··· Data under study
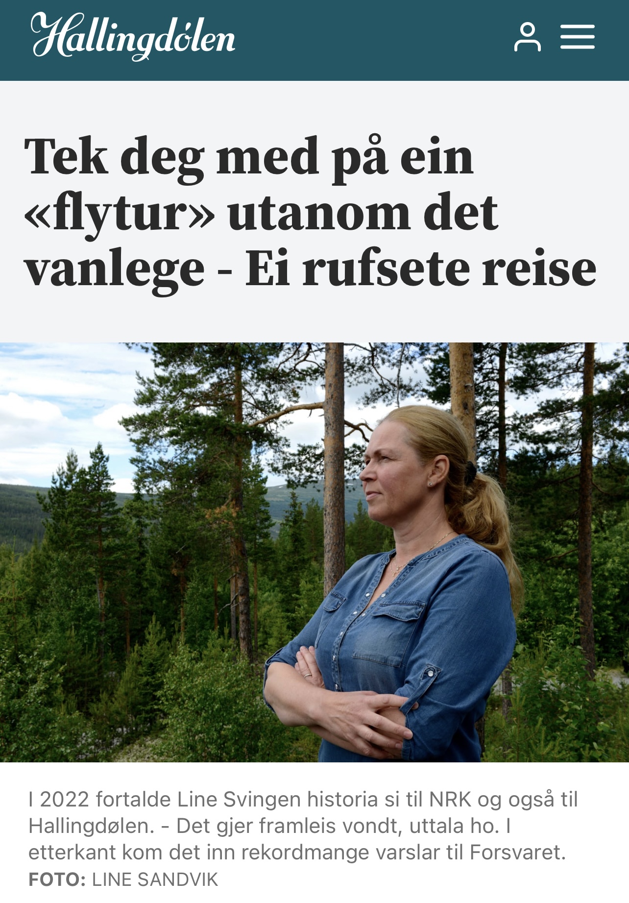 Line Svingen har delt sin historie i både TV, radio og podcaster. Som Norges første kvinnelige militære helikopterflyger og foredragsholder innen ledelse og arbeidsmiljø, blir hennes erfaringer jevnlig brukt i mediene.
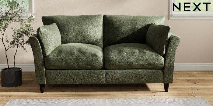 7.2.10 Hartley Relaxed Sit 3 Seater Small Sofa Boucle Chenille Dark Moss Green Low Conical - Dark | Made Click here to use our website with more accessibility support, for example screen readers
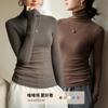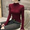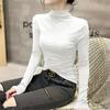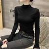 Camiseta básica de cuello alto medio de color puro Derong para mujer 2025 Otoño e Invierno Nueva Ajustada de manga larga Top
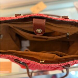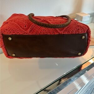 Beautiful new word, tag Patricia Nash Diamond Leadri crocheted tote. Beautiful addition to any outfit and great for travel. I have two of these available. I had to choose red and the color selection because Cole was not available, the color is coral or some may call his salmon.
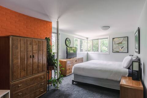 This one of a kind Mid Century Modern suite is centrally located and features unique contemporary architecture, 2 bedrooms and can accommodate up to 4 guests.
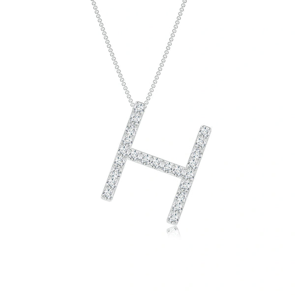 This Lab-Grown Prong-Set Diamond Capital "H" Initial Pendant combines sustainable craftsmanship with refined elegance. Featuring a precisely cut capital "H" adorned with ethically sourced lab-grown diamonds securely set in prongs, this pendant offers lasting brilliance and durability. Ideal for those seeking a personalized yet environmentally conscious accessory, it enhances any outfit with subtle sophistication and expert design.
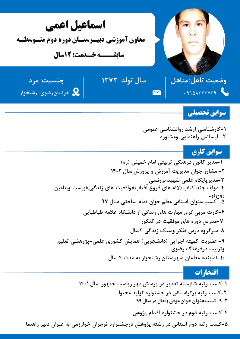 جهت آشنایی با سوابق آموزشی و تجربیات اجرایی همکاران بر روی
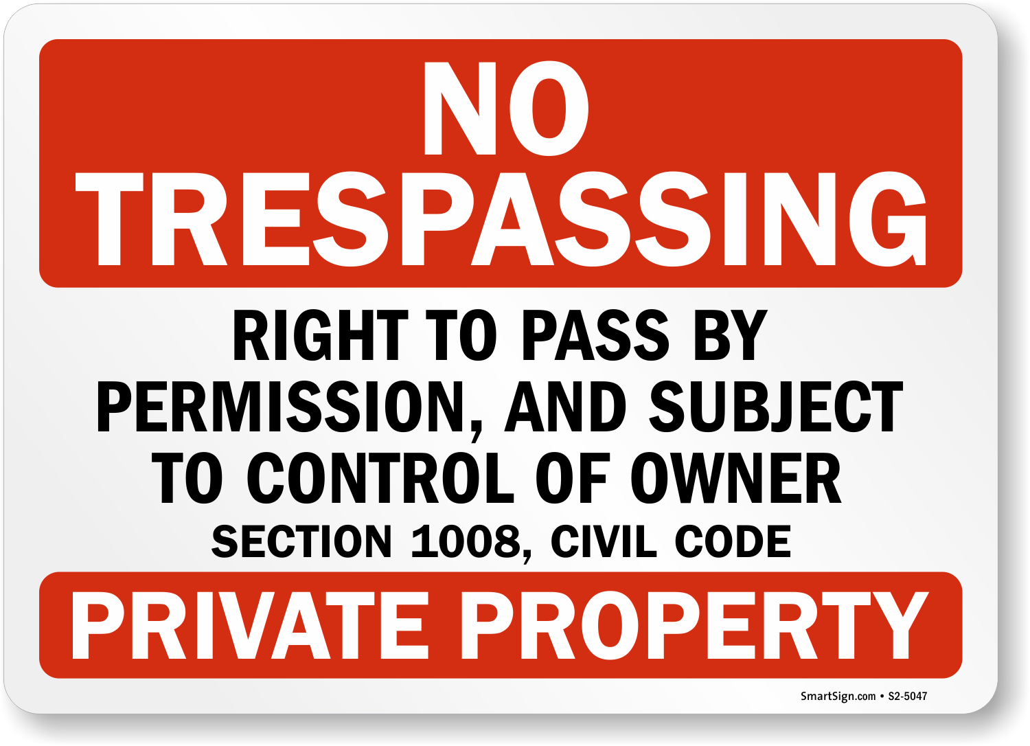 Official California No Trespassing Sign: Right To Pass By Permission, And Subject To Control Of Owner - Section 1008 Civil Code, Private Property S2-5047
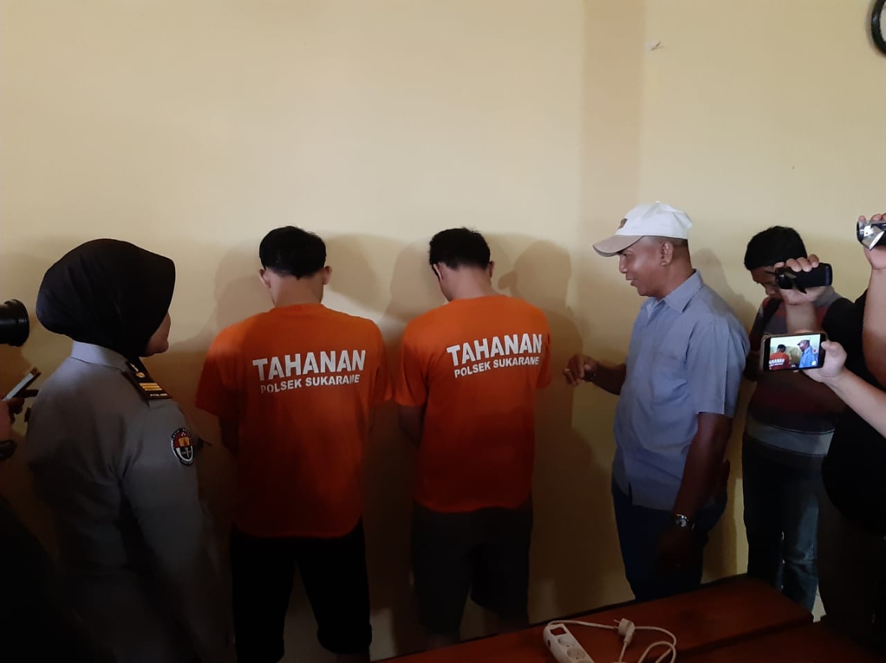 PEMBOBOL ATM. Dua Tersangka pembobol ATM, yakni Meidiansyah (24), warga Denteteladas, Tulangbawang, dan Suhaili (28), warga Kotaagung, Tanggamus, saat ekspos di Mapolsek Sukarame, Selasa (19/3). Mereka mengaku memiliki kemampuan membobol ATM dengan mempelajari cara menarik uang tanpa mengurangi jumlah saldo dari YouTube. LAMPUNG POST/IKHSAN DWI NUR SATRIO
······
**How to complete this task**
The records above should be duplicated exactly, with none of their pictures kept.

**Task answer**
 Line Svingen har delt sin historie i både TV, radio og podcaster. Som Norges første kvinnelige militære helikopterflyger og foredragsholder innen ledelse og arbeidsmiljø, blir hennes erfaringer jevnlig brukt i mediene.
 7.2.10 Hartley Relaxed Sit 3 Seater Small Sofa Boucle Chenille Dark Moss Green Low Conical - Dark | Made Click here to use our website with more accessibility support, for example screen readers
 Camiseta básica de cuello alto medio de color puro Derong para mujer 2025 Otoño e Invierno Nueva Ajustada de manga larga Top
 Beautiful new word, tag Patricia Nash Diamond Leadri crocheted tote. Beautiful addition to any outfit and great for travel. I have two of these available. I had to choose red and the color selection because Cole was not available, the color is coral or some may call his salmon.
 This one of a kind Mid Century Modern suite is centrally located and features unique contemporary architecture, 2 bedrooms and can accommodate up to 4 guests.
 This Lab-Grown Prong-Set Diamond Capital "H" Initial Pendant combines sustainable craftsmanship with refined elegance. Featuring a precisely cut capital "H" adorned with ethically sourced lab-grown diamonds securely set in prongs, this pendant offers lasting brilliance and durability. Ideal for those seeking a personalized yet environmentally conscious accessory, it enhances any outfit with subtle sophistication and expert design.
 جهت آشنایی با سوابق آموزشی و تجربیات اجرایی همکاران بر روی
 Official California No Trespassing Sign: Right To Pass By Permission, And Subject To Control Of Owner - Section 1008 Civil Code, Private Property S2-5047
 PEMBOBOL ATM. Dua Tersangka pembobol ATM, yakni Meidiansyah (24), warga Denteteladas, Tulangbawang, dan Suhaili (28), warga Kotaagung, Tanggamus, saat ekspos di Mapolsek Sukarame, Selasa (19/3). Mereka mengaku memiliki kemampuan membobol ATM dengan mempelajari cara menarik uang tanpa mengurangi jumlah saldo dari YouTube. LAMPUNG POST/IKHSAN DWI NUR SATRIO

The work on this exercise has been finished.